Recorded information>

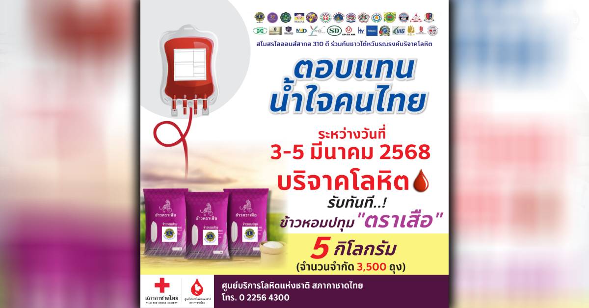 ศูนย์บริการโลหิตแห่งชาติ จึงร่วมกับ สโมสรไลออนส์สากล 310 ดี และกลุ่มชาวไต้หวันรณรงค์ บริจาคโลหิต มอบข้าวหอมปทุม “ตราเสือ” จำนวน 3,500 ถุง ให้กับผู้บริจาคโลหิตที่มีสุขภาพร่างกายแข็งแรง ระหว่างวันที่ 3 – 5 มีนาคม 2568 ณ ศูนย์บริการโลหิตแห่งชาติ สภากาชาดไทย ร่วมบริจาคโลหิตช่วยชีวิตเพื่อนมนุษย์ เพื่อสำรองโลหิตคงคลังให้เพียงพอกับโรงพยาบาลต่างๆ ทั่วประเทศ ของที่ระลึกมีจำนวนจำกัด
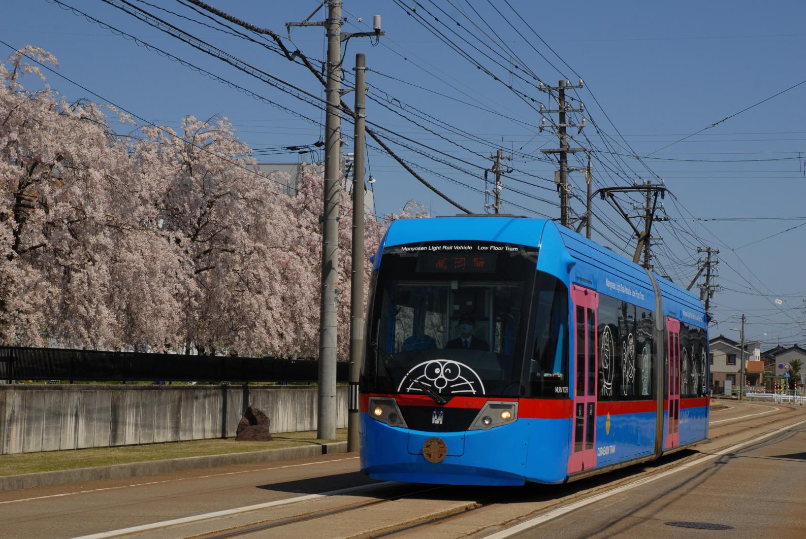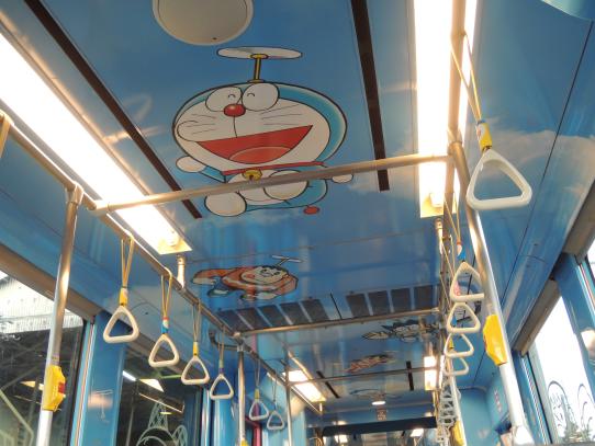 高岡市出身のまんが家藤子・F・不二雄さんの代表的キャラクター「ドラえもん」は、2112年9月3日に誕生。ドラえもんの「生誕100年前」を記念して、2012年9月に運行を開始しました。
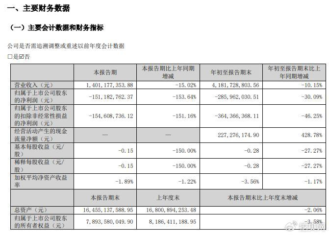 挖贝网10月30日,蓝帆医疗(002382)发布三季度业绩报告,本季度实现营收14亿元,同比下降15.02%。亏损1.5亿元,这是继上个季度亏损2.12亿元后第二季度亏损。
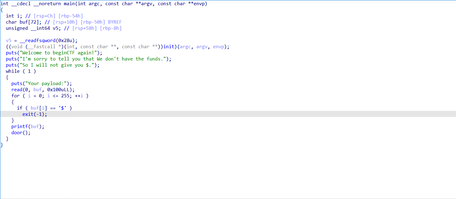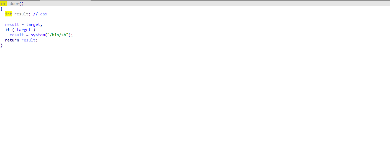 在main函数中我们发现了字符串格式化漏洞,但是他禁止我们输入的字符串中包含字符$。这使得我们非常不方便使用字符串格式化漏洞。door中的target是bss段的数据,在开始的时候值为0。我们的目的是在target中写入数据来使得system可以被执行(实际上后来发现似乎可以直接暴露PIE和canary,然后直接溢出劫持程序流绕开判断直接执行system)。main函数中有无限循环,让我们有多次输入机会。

Description of the task>
No pictures go in the copy. Output exactly the lines from the line containing "挖贝网10月30日,蓝帆医疗" through the end of the listing above.

Task solution>
 挖贝网10月30日,蓝帆医疗(002382)发布三季度业绩报告,本季度实现营收14亿元,同比下降15.02%。亏损1.5亿元,这是继上个季度亏损2.12亿元后第二季度亏损。
 在main函数中我们发现了字符串格式化漏洞,但是他禁止我们输入的字符串中包含字符$。这使得我们非常不方便使用字符串格式化漏洞。door中的target是bss段的数据,在开始的时候值为0。我们的目的是在target中写入数据来使得system可以被执行(实际上后来发现似乎可以直接暴露PIE和canary,然后直接溢出劫持程序流绕开判断直接执行system)。main函数中有无限循环,让我们有多次输入机会。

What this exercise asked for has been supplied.